ErrorHandlingDeserializer

When a deserializer fails to deserialize a message, Spring has no way to handle the problem because it occurs before the poll() returns. To solve this problem, version 2.2 introduced the ErrorHandlingDeserializer. This deserializer delegates to a real deserializer (key or value). If the delegate fails to deserialize the record content, the ErrorHandlingDeserializer returns a DeserializationException instead, containing the cause and raw bytes. When using a record-level MessageListener, if either the key or value contains a DeserializationException, the container’s ErrorHandler is called with the failed ConsumerRecord. When using a BatchMessageListener, the failed record is passed to the application along with the remaining records in the batch, so it is the responsibility of the application listener to check whether the key or value in a particular record is a DeserializationException.

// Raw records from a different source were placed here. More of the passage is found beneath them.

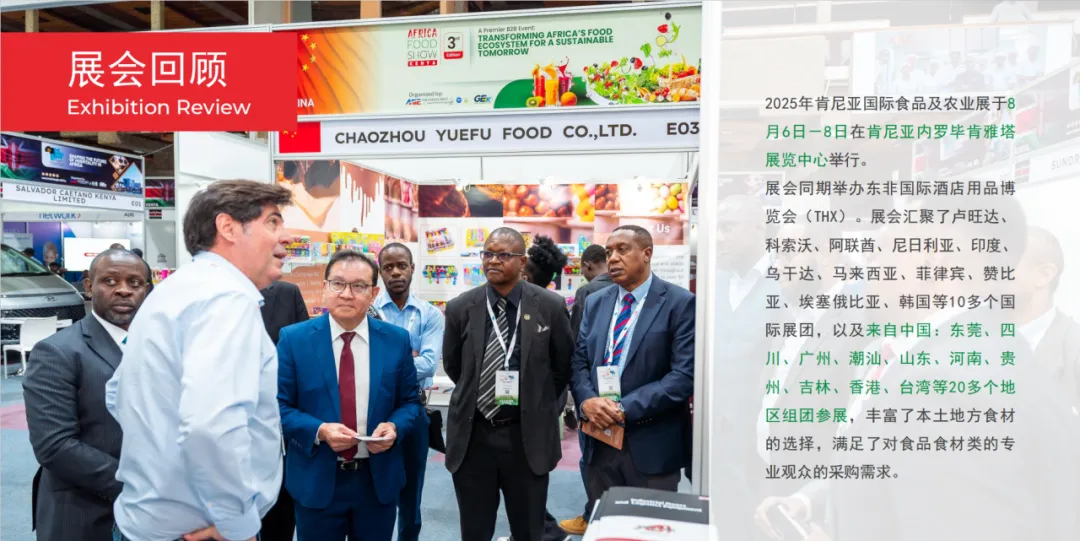 2025年肯尼亚国际食品及农业展于8月6日-8日在肯尼亚内罗毕肯雅塔展览中心举行。展会同期举办东非国际酒店用品博览会(THX)。展会汇聚了卢旺达、科索沃、阿联酋、尼日利亚、印度、乌干达、马来西亚、菲律宾、赞比亚、埃塞俄比亚、韩国等10多个国
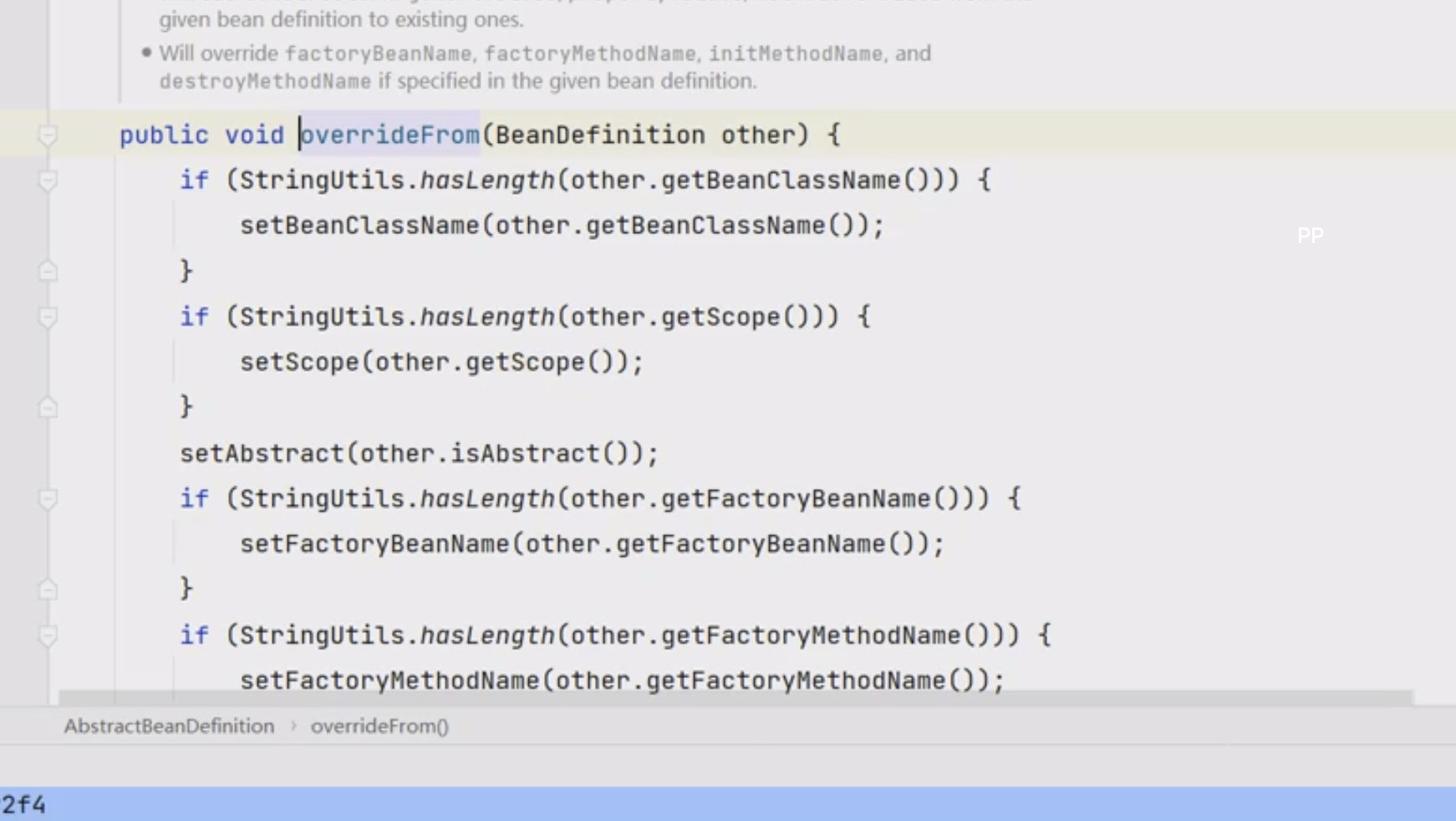 所以这边会用子的BeanDefinition去覆盖,子没有定义就还是延用父亲的
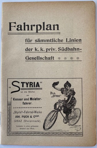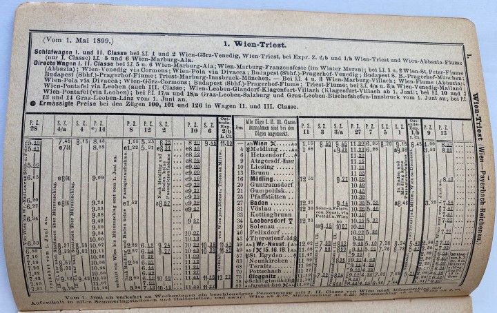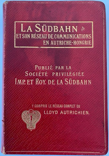 Vor kurzem wurde der französischsprachige, ebenfalls von der K.K. Priv. Südbahngesellschaft herausgegebene Reiseführer “La Südbahn et son réseau de communications en Autriche-Hongrie” (datiert auf 1899) in einer Luxusausgabe in rotem Ziegenleder mit Goldprägung und mit Goldschnitt erworben, welcher der “Fahrplan für sämmtliche Linien der K.K. Priv. Südbahn-Gesellschaft” vom 1. Mai 1899 beiliegt, der in unserem Exemplar der entsprechenden deutschsprachigen Ausgabe “Die Südbahn und ihr Verkehrsgebiet in Österreich-Ungarn” fehlte.
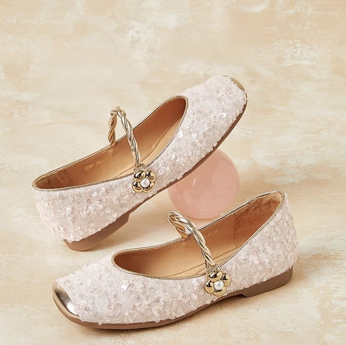 結婚式用ヒールなしゴールドパール装飾パンプス

So according to your code you are using record-level MessageListener then just add ErrorHandler to Container

Handling Exceptions

If your error handler implements this interface you can, for example, adjust the offsets accordingly. For example, to reset the offset to replay the failed message, you could do something like the following; note however, these are simplistic implementations and you would probably want more checking in the error handler.

@Bean
public ConsumerAwareListenerErrorHandler listen3ErrorHandler() {
return (m, e, c) -> {
    this.listen3Exception = e;
    MessageHeaders headers = m.getHeaders();
    c.seek(new org.apache.kafka.common.TopicPartition(
            headers.get(KafkaHeaders.RECEIVED_TOPIC, String.class),
            headers.get(KafkaHeaders.RECEIVED_PARTITION_ID, Integer.class)),
            headers.get(KafkaHeaders.OFFSET, Long.class));
    return null;
   };
}

Or you can do custom implementation like in this example

@Bean
public ConcurrentKafkaListenerContainerFactory<String, GenericRecord>
kafkaListenerContainerFactory()  {

    ConcurrentKafkaListenerContainerFactory<String, GenericRecord> factory
            = new ConcurrentKafkaListenerContainerFactory<>();
    factory.setConsumerFactory(consumerFactory());
    factory.getContainerProperties().setErrorHandler(new ErrorHandler() {
        @Override
        public void handle(Exception thrownException, List<ConsumerRecord<?, ?>> records, Consumer<?, ?> consumer, MessageListenerContainer container) {
            String s = thrownException.getMessage().split("Error deserializing key/value for partition ")[1].split(". If needed, please seek past the record to continue consumption.")[0];
            String topics = s.split("-")[0];
            int offset = Integer.valueOf(s.split("offset ")[1]);
            int partition = Integer.valueOf(s.split("-")[1].split(" at")[0]);

            TopicPartition topicPartition = new TopicPartition(topics, partition);
            //log.info("Skipping " + topic + "-" + partition + " offset " + offset);
            consumer.seek(topicPartition, offset + 1);
            System.out.println("OKKKKK");
        }

        @Override
        public void handle(Exception e, ConsumerRecord<?, ?> consumerRecord) {

        }

        @Override
        public void handle(Exception e, ConsumerRecord<?, ?> consumerRecord, Consumer<?,?> consumer) {
            String s = e.getMessage().split("Error deserializing key/value for partition ")[1].split(". If needed, please seek past the record to continue consumption.")[0];
            String topics = s.split("-")[0];
            int offset = Integer.valueOf(s.split("offset ")[1]);
            int partition = Integer.valueOf(s.split("-")[1].split(" at")[0]);

            TopicPartition topicPartition = new TopicPartition(topics, partition);
            //log.info("Skipping " + topic + "-" + partition + " offset " + offset);
            consumer.seek(topicPartition, offset + 1);
            System.out.println("OKKKKK");


        }
    });


    return factory;
}

Solution 2

Use ErrorHandlingDeserializer.

When a deserializer fails to deserialize a message, Spring has no way to handle the problem because it occurs before the poll() returns. To solve this problem, version 2.2 introduced the ErrorHandlingDeserializer. This deserializer delegates to a real deserializer (key or value). If the delegate fails to deserialize the record content, the ErrorHandlingDeserializer returns a DeserializationException instead, containing the cause and raw bytes. When using a record-level MessageListener, if either the key or value contains a DeserializationException, the container’s ErrorHandler is called with the failed ConsumerRecord. When using a BatchMessageListener, the failed record is passed to the application along with the remaining records in the batch, so it is the responsibility of the application listener to check whether the key or value in a particular record is a DeserializationException.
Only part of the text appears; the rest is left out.